Sucrose acetate isobutyrate (SAIB) is a highly viscous and hydrophobic biodegradable sugar. It has been used as a matrix for the sustained release of drugs such as deslorelin acetate and bupivacaine (16, 17). Mixing a small quantity of solvent (ethanol or N-methyl pyrrolidone) with SAIB reduces its viscosity by several fold, making it suitable for injection (18). Drug formulations containing SAIB form an in-situ gel following injection into tissues and release the drugs slowly. We hypothesized that using a SAIB-based bupivacaine formulation would release bupivacaine gradually and prolong its duration of local anesthesia without causing toxicity.

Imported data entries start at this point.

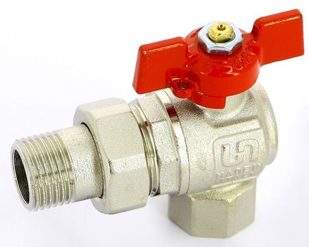 Шаровый кран Uni-Fitt (Юни-Фит) шаровой НВ 1/2 с разъемным соединением, полнопроходной, бабочка является запорным элементом на трубопроводе и позволяет перекрывать поток. Кран оснащен наружной резьбой и обладает полнопроходным корпусом с уплотнительным кольцом. Для регулирования используется ручка-бабочка из алюминия.
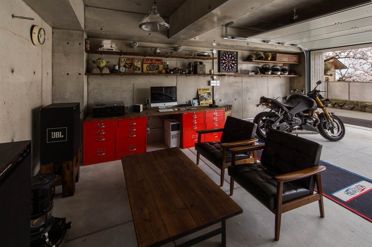 Интерьер гаража с зоной отдыха
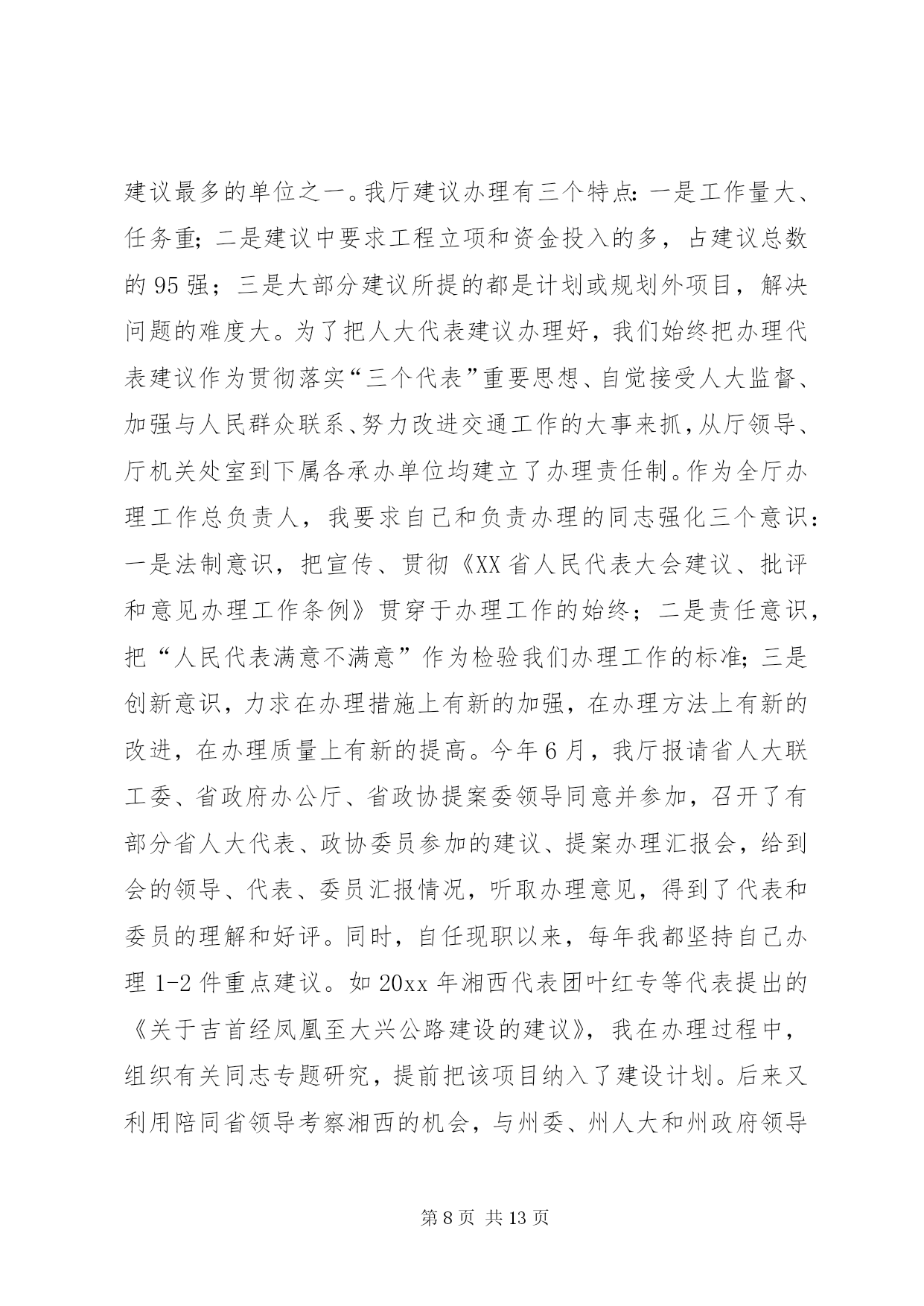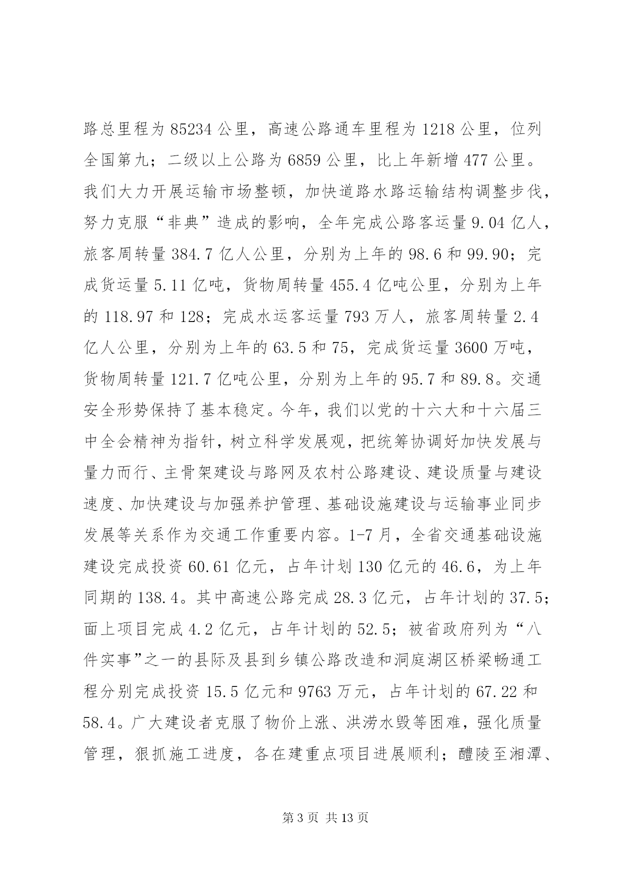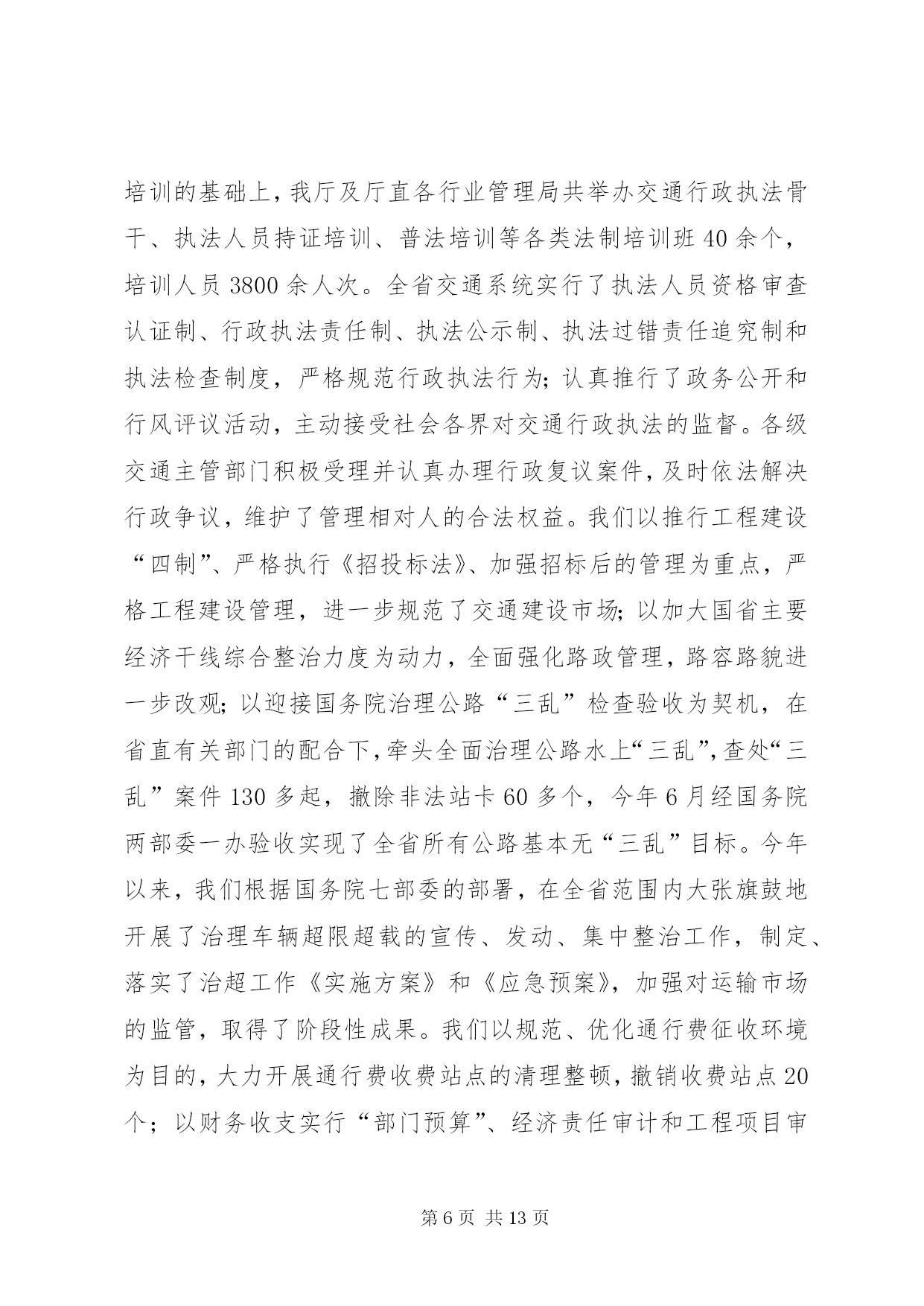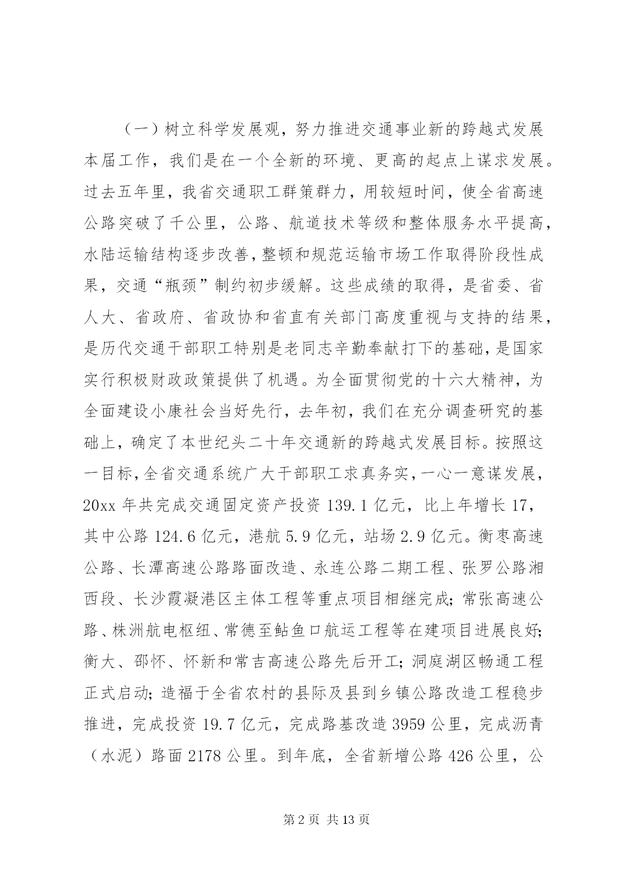 第PAGE\*Arabic\*MERGEFORMAT13页共NUMPAGES\*MERGEFORMAT13页交通厅厅长述职报告述职报告——在厅机关全体干部和厅直单位负责同志会议上各位领导、评议调查组的各位委员和代表、同志们:省十届人大常委会决定对我进行述职评议,既是对交通工作的高度重视与支持,也是对我个人的极大关心和鞭策。按照述职评议的要求,今天我首先向厅机关全体干部、离退休老同志和厅直单位负责同志把我本届任职以来的主要工作述职汇报如下,请大家提出宝贵意见。一、任职以来的主要工作20xx年3月,省十届人大常委会第一次会议任命我继续担任省交通厅厅长,我深感这既是对我的信任,又责任重大。作为一名“老交通”,我在就职时曾郑重表示,要以“结缘交通终不悔,甘为发展勤耕耘”自勉,把握“四心”(即:树立信心,始终保持奋发有为的精神状态;突出中心,切实抓好发展第一要务;凝聚民心,充分调动各种积极因素;强化核心,不断加强各级班子建设),努力把工作做得更好。一年多来,在省委、省人大、省政府、省政协的正确领导和省直各部门的大力支持下,我和党组“一班人”坚持以邓小平理论为指导,认真践行“三个代表”,牢记“两个务必”,坚持“执政为民”,切实履行职责,团结带领全厅和全省交通系统广大干部职工扎实工作,取得了一定的成绩。(一)树立科学发展观,努力推进交通事业新的跨越式发展本届工作,我们是在一个全新的环境、更高的起点上谋求发展。过去五年里,我省交通职工群策群力,用较短时间,使全省高速公路突破了千公里,公路、航道技术等级和整体服务水平提高,水陆运输结构逐步改善,整顿和规范运输市场工作取得阶段性成果,交通“瓶颈”制约初步缓解。这些成绩的取得,是省委、省人大、省政府、省政协和省直有关部门高度重视与支持的结果,是历代交通干部职工特别是老同志辛勤奉献打下的基础,是国家实行积极财政政策提供了机遇。为全面贯彻党的十六大精神,为全面建设小康社会当好先行,去年初,我们在充分调查研究的基础上,确定了本世纪头二十年交通新的跨越式发展目标。按照这一目标,全省交通系统广大干部职工求真务实,一心一意谋发展,20xx年共完成交通固定资产投资139.1亿元,比上年增长17,其中公路124.6亿元,港航5.9亿元,站场2.9亿元。衡枣高速公路、长潭高速公路路面改造、永连公路二期工程、张罗公路湘西段、长沙霞凝港区主体工程等重点项目相继完成;常张高速公路、株洲航电枢纽、常德至鲇鱼口航运工程等在建项目进展良好;衡大、邵怀、怀新和常吉高速公路先后开工;洞庭湖区畅通工程正式启动;造福于全省农村的县际及县到乡镇公路改造工程稳步推进,完成投资19.7亿元,完成路基改造3959公里,完成沥青(水泥)路面2178公里。到年底,全省新增公路426公里,公路总里程为85234公里,高速公路通车里程为1218公里,位列全国第九;二级以上公路为6859公里,比上年新增477公里。我们大力开展运输市场整顿,加快道路水路运输结构调整步伐,努力克服“非典”造成的影响,全年完成公路客运量9.04亿人,旅客周转量384.7亿人公里,分别为上年的98.6和99.90;完成货运量5.11亿吨,货物周转量455.4亿吨公里,分别为上年的118.97和128;完成水运客运量793万人,旅客周转量2.4亿人公里,分别为上年的63.5和75,完成货运量3600万吨,货物周转量121.7亿吨公里,分别为上年的95.7和89.8。交通安全形势保持了基本稳定。今年,我们以党的十六大和十六届三中全会精神为指针,树立科学发展观,把统筹协调好加快发展与量力而行、主骨架建设与路网及农村公路建设、建设质量与建设速度、加快建设与加强养护管理、基础设施建设与运输事业同步发展等关系作为交通工作重要内容。1-7月,全省交通基础设施建设完成投资60.61亿元,占年计划130亿元的46.6,为上年同期的138.4。其中高速公路完成28.3亿元,占年计划的37.5;面上项目完成4.2亿元,占年计划的52.5;被省政府列为“八件实事”之一的县际及县到乡镇公路改造和洞庭湖区桥梁畅通工程分别完成投资15.5亿元和9763万元,占年计划的67.22和58.4。广大建设者克服了物价上涨、洪涝水毁等困难,强化质量管理,狠抓施工进度,各在建重点项目进展顺利;醴陵至湘潭、长沙至湘潭西线高速公路先后开工;长沙至株洲、邵阳至永州、衡阳至炎陵等高速公路前期工作都在抓紧进行,力争年底开工。做好科学规划和前期工作对加快建设举足轻重。几年来,我们对各重点项目早作规划和前期工作安排,明确专门机构和人员负责落实。为加快进度,我多次带队到国家有关部委汇报,争取有关部委和咨询评估机构、银行的支持,力争新上项目按期或提前开工。去年以来,我们组织力量攻关,编制完成了《XX省与“泛珠三

The objectives of this study were to develop a novel sustained release formulation of bupivacaine and compare its local anesthetic efficacy with the commonly used local anesthetic lidocaine hydrochloride following cornual nerve block in calves; and to investigate the pharmacokinetics of bupivacaine in calves to ensure that toxic plasma concentrations were not reached.

Materials and methods

Drugs and chemicals

Bupivacaine free base and articaine hydrochloride were purchased from Wuhan Hezhong Biochemical Manufacturing Co. Ltd, (Wuhan, China) and SCI Pharmtech (Taoyuan, Taiwan), respectively. Lidocaine hydrochloride (Lopaine 2%) was purchased from Ethical agents Ltd., Auckland, New Zealand. Sucrose acetate isobutyrate (90%) in ethanol, N-Methylpyrrolidone (NMP) and acetonitrile were purchased from Merck, Auckland, New Zealand. Heparin sodium and normal saline were purchased from Pfizer New Zealand Limited (Auckland, New Zealand) and Baxter Healthcare Pty Ltd., (Old Toongabbie, NSW, Australia), respectively. Reagent grade potassium dihydrogen phosphate was obtained from Merck KGaA (Darmstadt, Germany). Phosphoric acid was obtained from Thermo Fisher Scientific Ltd (Scoresby, VIC, Australia). Milli-Q water was produced by the Milli-q PFplus system (Millipore Corporation, Bedford, MA, USA).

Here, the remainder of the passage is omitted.